Internet Archive adds Millions of Public Domain Images to Flickr
August 29, 2014 9:31 PM Subscribe

Looking for another source of public domain images? Yahoo research fellow Kalev Leetaru has extracted over 14 million images from IA public domain book scans, and so far 2.6 million of them have been posted to the Internet Archive Book Images photostream, where they have become part of The Commons.

More info from the BBC and the Internet Archive blog post.

posted by fings (25 comments total) 68 users marked this as a favorite

A fine endeavour, but...

It was a gigantic mistake to use that scanner function that auto-crops right up to anything black. Most of these images are pretty much useless because of it.
posted by Sys Rq at 9:47 PM on August 29, 2014

The crop function isn't quite what you think it is. These are coming out of texts that were being OCR'd by the Internet Archive. According to the BBC article, the code originally identified areas of stuff that weren't actually text, so that OCR wouldn't be run on those parts and produce gibberish.

What they've done here is go back to that data and pull out the areas of the scans previously identified as non-text content and ignored. Those extracted portions are put on flickr along with the OCR'd text immediately before and after the image, with the intention that people will be able to search and find historical images related to specific subjects.

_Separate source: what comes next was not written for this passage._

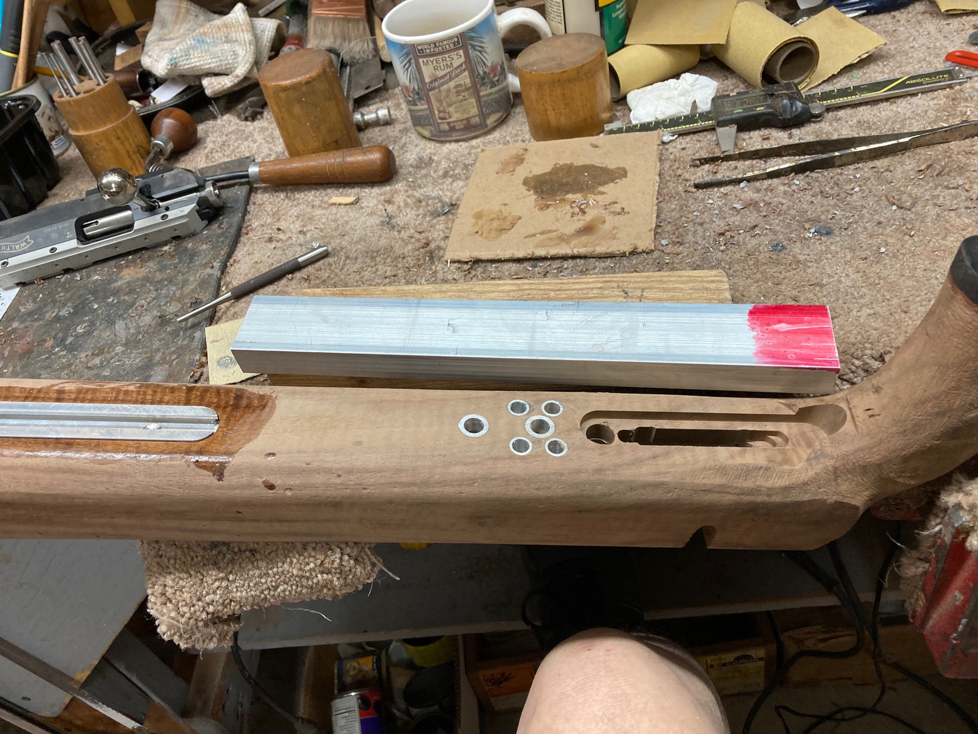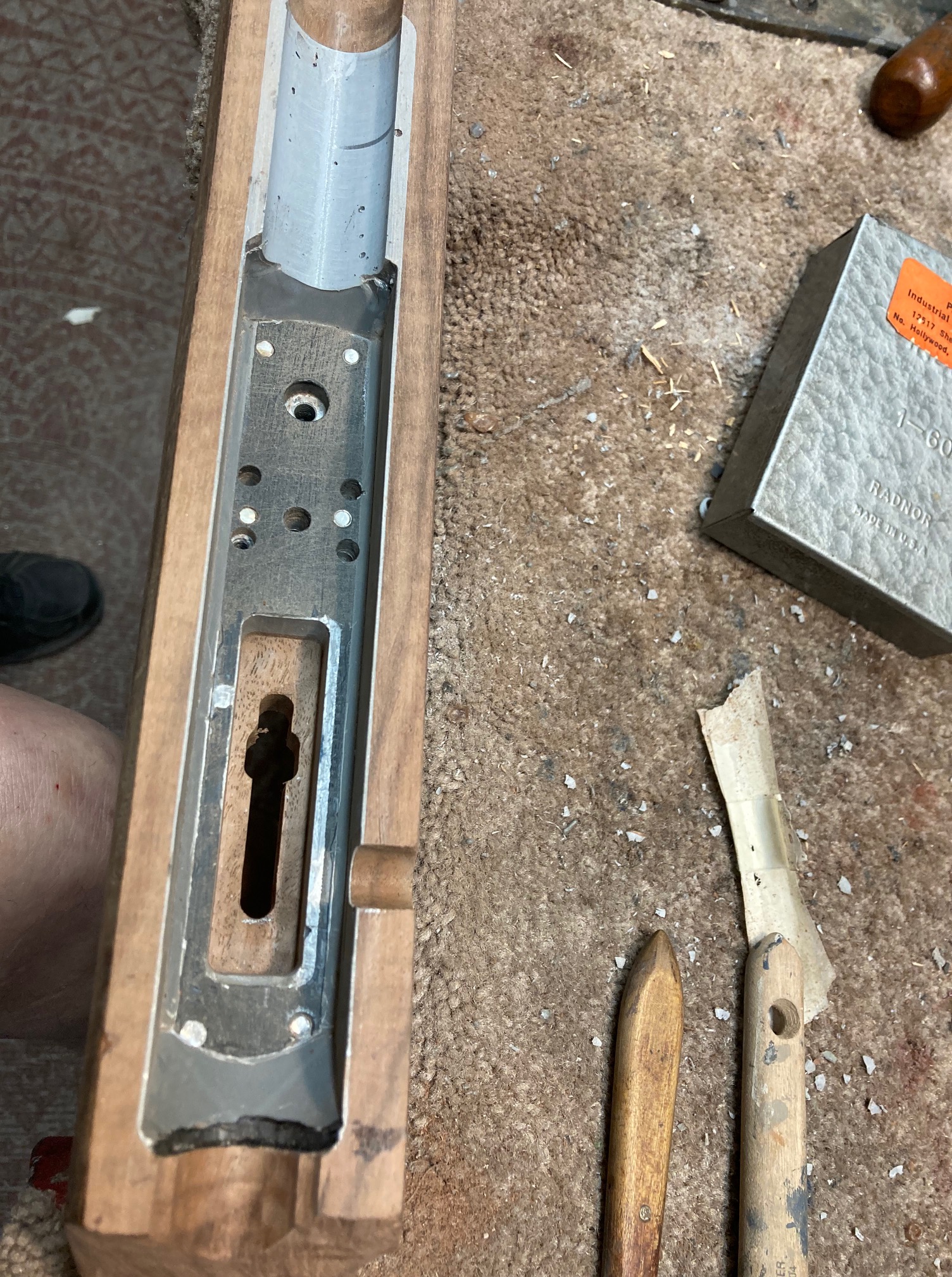 This action is meant to be put into a metal stock. In order to make the transition from a metal to wood stock I needed to make the appropriate pieces.

Each page on flickr also contains a link to a scan of the entire book that the image was extracted from, as well as a link to the specific page of that book. Once you've found an image that is pertinent to you, you can easily create your own crop from the full images provided there if the automatic one isn't to your liking.

This is all about enhancing discoverability of content that was already available on IA, and poor automatic crops aren't actually a problem here.
posted by vibratory manner of working at 10:27 PM on August 29, 2014 [14 favorites]

The cynic in me says that here's a large bunch of free content with the bonus of being rights free and it will help drive large amounts of internet traffic to a Yahoo property which has the added ability to track users.

And then the nerd in me says "Cool! Old pictures! Lets see!" and off i go, damns not being given.

Ahh, the internet - a harsh mistress (or master, whatever your preference).
posted by Zedcaster at 10:43 PM on August 29, 2014 [1 favorite]

If I'm going through an archive of historical illustrations, photographs and esoteric marginalia - I ain't starting my search off with "telephone", Mr. Leetaru. Thank you very much.
posted by HE Amb. T. S. L. DuVal at 11:06 PM on August 29, 2014 [2 favorites]

I don't understand why the text search function on archive.org doesn't go "deep" -- if you search for something on the main page, it will look at the descriptions, but not the full text. If you do go to a book, then you can search the full text.

Photos are nice, but not as nice as text.
posted by user92371 at 11:18 PM on August 29, 2014

That search function really is the best thing about this collection. It's absolutely amazing that he managed to do this automatically. (Although I share some of Zedcaster's concerns, too.)

Sex*
Drugs
Rock and Roll

*Surprisingly SFW until you scroll down a few pages, and then still pretty tame)
posted by HE Amb. T. S. L. DuVal at 11:18 PM on August 29, 2014 [1 favorite]

Why Flickr?
posted by sophist at 3:11 AM on August 30, 2014

jmenuj mi ho!
posted by StickyCarpet at 5:05 AM on August 30, 2014

Lots of useful stuff for an old D.C. photo group that I help run on Facebook - tagging away, and thanks!
posted by ryanshepard at 5:53 AM on August 30, 2014

I think my favorite thing are all the random decorative illustrationsand type that appear when searching for something random.
posted by vespabelle at 6:19 AM on August 30, 2014 [1 favorite]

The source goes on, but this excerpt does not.